_Your task_:
Everything from the line holding "El colchón viscoelástico" through the last line of the records should be repeated word for word, and pictures should be omitted.
(Supplied material)
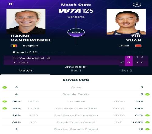 WTA125堪培拉站女单首轮:袁悦20横扫范德温克尔,收获开门红
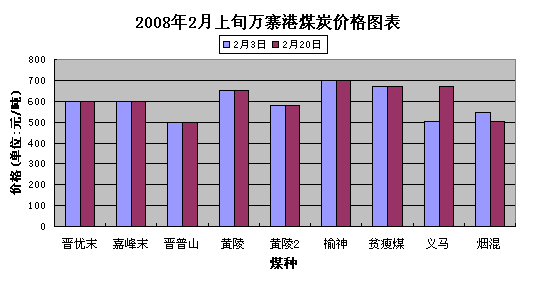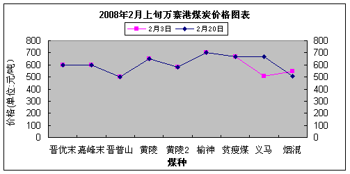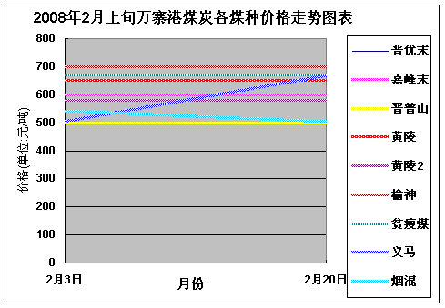 2008年2月上旬萬寨港煤炭各煤種價格總體并無明顯變化,除義馬和煙混兩煤種價格有所變化外,其余走勢基本保持平穩(wěn)態(tài)勢。
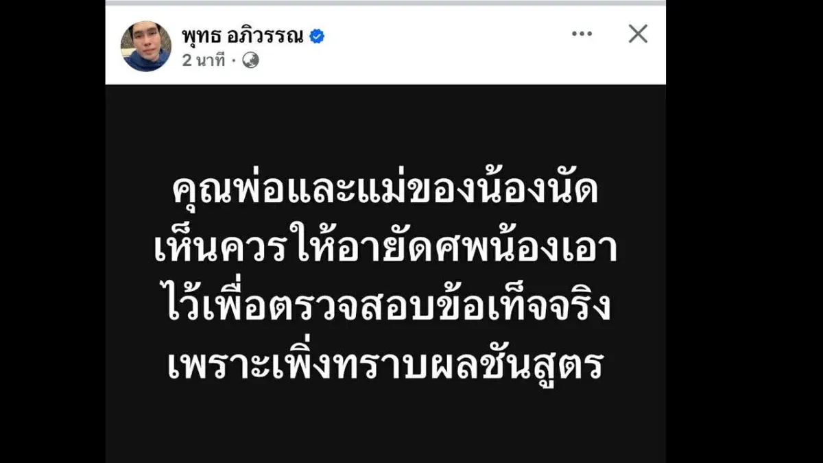 ความเคลื่อนไหวล่าสุดนี้ถูกเปิดเผยผ่านโพสต์ของ คุณพุทธ อภิวรรณ ที่ได้แจ้งข่าวและแสดงความอาลัย โดยระบุถึงการแสดงความเห็นที่ให้เกียรติผู้เสียชีวิต พร้อมยืนยันถึงความมุ่งมั่นที่จะหาความจริงให้ปรากฏร่วมกับ คุณธนกฤต จิตอารีย์รัตน์ คุณหมอ และเจ้าหน้าที่ตำรวจ ซึ่งตอกย้ำถึงความไม่ชอบมาพากลบางอย่างที่อาจซ่อนอยู่เบื้องหลังการเสียชีวิตในครั้งนี้
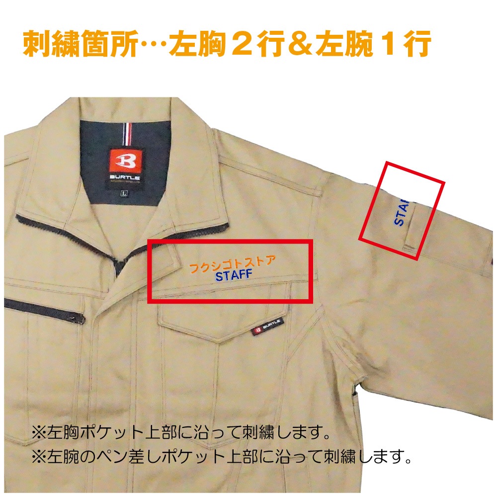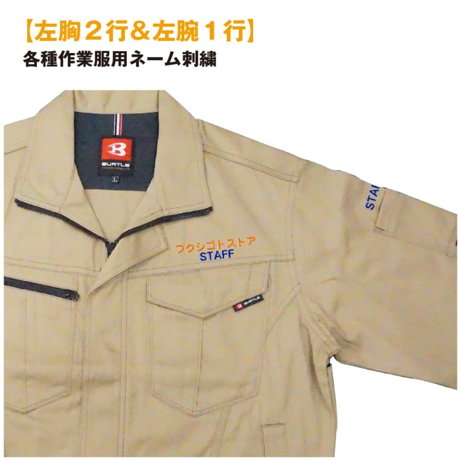 【左胸2行&左腕】 各種作業服用ネーム刺繍【※作業服同時購入の方のみご注文可能です。※備考欄に必ず刺繍文字の記載をお願い致します。ネーム刺繍可能な商品か今一度ご確認ください】
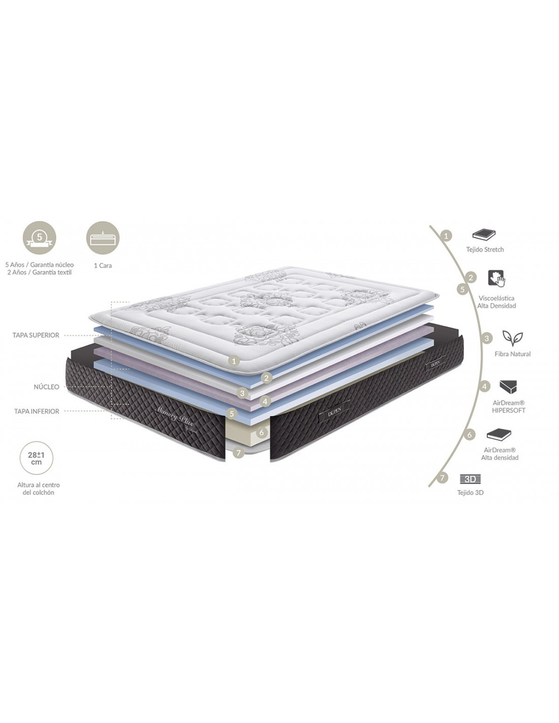 El colchón viscoelástico de Dupen Memory Plus de gama alta se distingue por los 6 cm de viscoelástica en una cara y su núcleo de HR alta densidad.
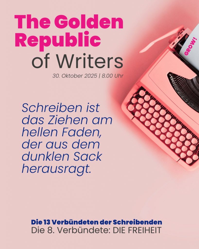 Ich lade dich ein, an der neuen KOSTENLOSEN Masterclass innerhalb der Schreibcommunity “The Golden Republic of Writers – GROW” teilzunehmen mit dem Thema:
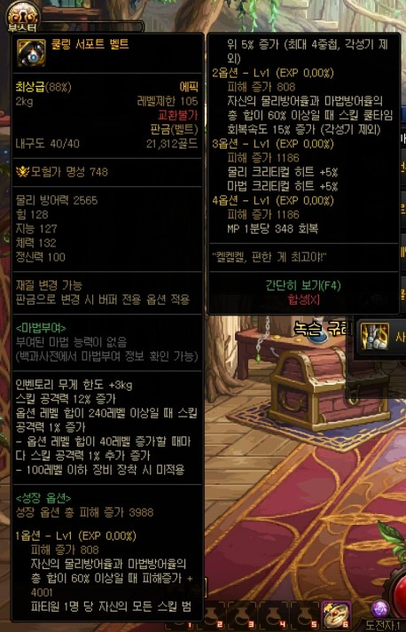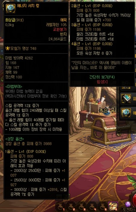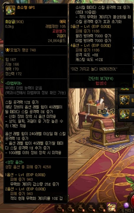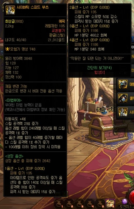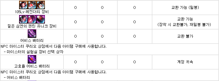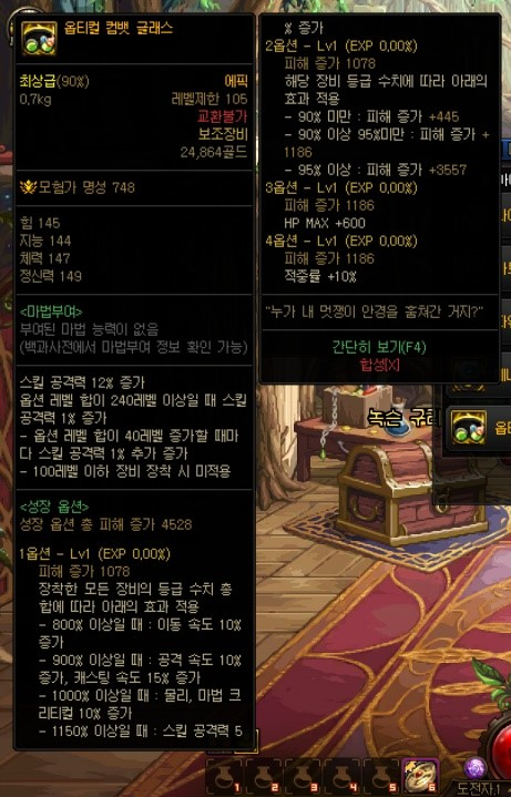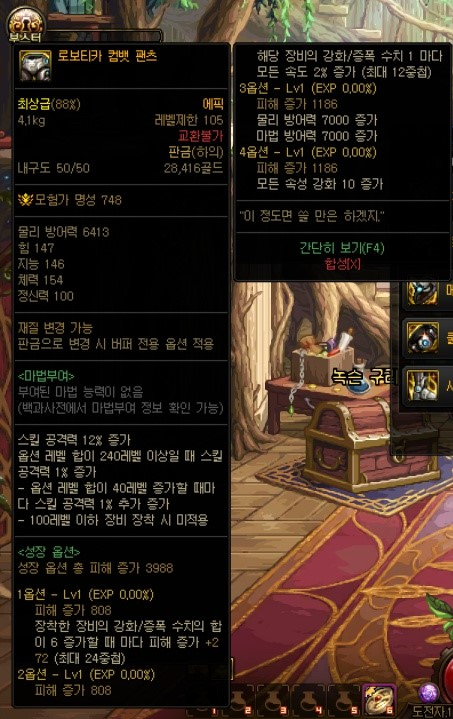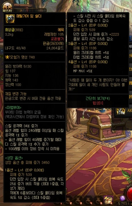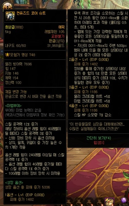 대충 뭐 현재 상급던전들과 보상이 비슷한 형식이며, 몬스터 카드는 새로 추가된 카드로, 악세사리에 적용 가능하며 최대 수치시 각각 '암, 명 속성 강화+35', '화, 수 속성강화+35'입니다. 다른 상급던전들과 가장 큰 차이점이라고 하면 마이스터의 실험실 상급던전에서 획득할 수 있는 신규 105Lv 에픽 장비들이겠죠? 고정 옵션 에픽 장비 11종(무기 제외 각 부위별 1종), 그리고 커스텀 옵션 에픽 장비 11종(무기 제외 각 부위별 1종)입니다.
(End Supplied material)
_Answer space_:
 El colchón viscoelástico de Dupen Memory Plus de gama alta se distingue por los 6 cm de viscoelástica en una cara y su núcleo de HR alta densidad.
 Ich lade dich ein, an der neuen KOSTENLOSEN Masterclass innerhalb der Schreibcommunity “The Golden Republic of Writers – GROW” teilzunehmen mit dem Thema:
 대충 뭐 현재 상급던전들과 보상이 비슷한 형식이며, 몬스터 카드는 새로 추가된 카드로, 악세사리에 적용 가능하며 최대 수치시 각각 '암, 명 속성 강화+35', '화, 수 속성강화+35'입니다. 다른 상급던전들과 가장 큰 차이점이라고 하면 마이스터의 실험실 상급던전에서 획득할 수 있는 신규 105Lv 에픽 장비들이겠죠? 고정 옵션 에픽 장비 11종(무기 제외 각 부위별 1종), 그리고 커스텀 옵션 에픽 장비 11종(무기 제외 각 부위별 1종)입니다.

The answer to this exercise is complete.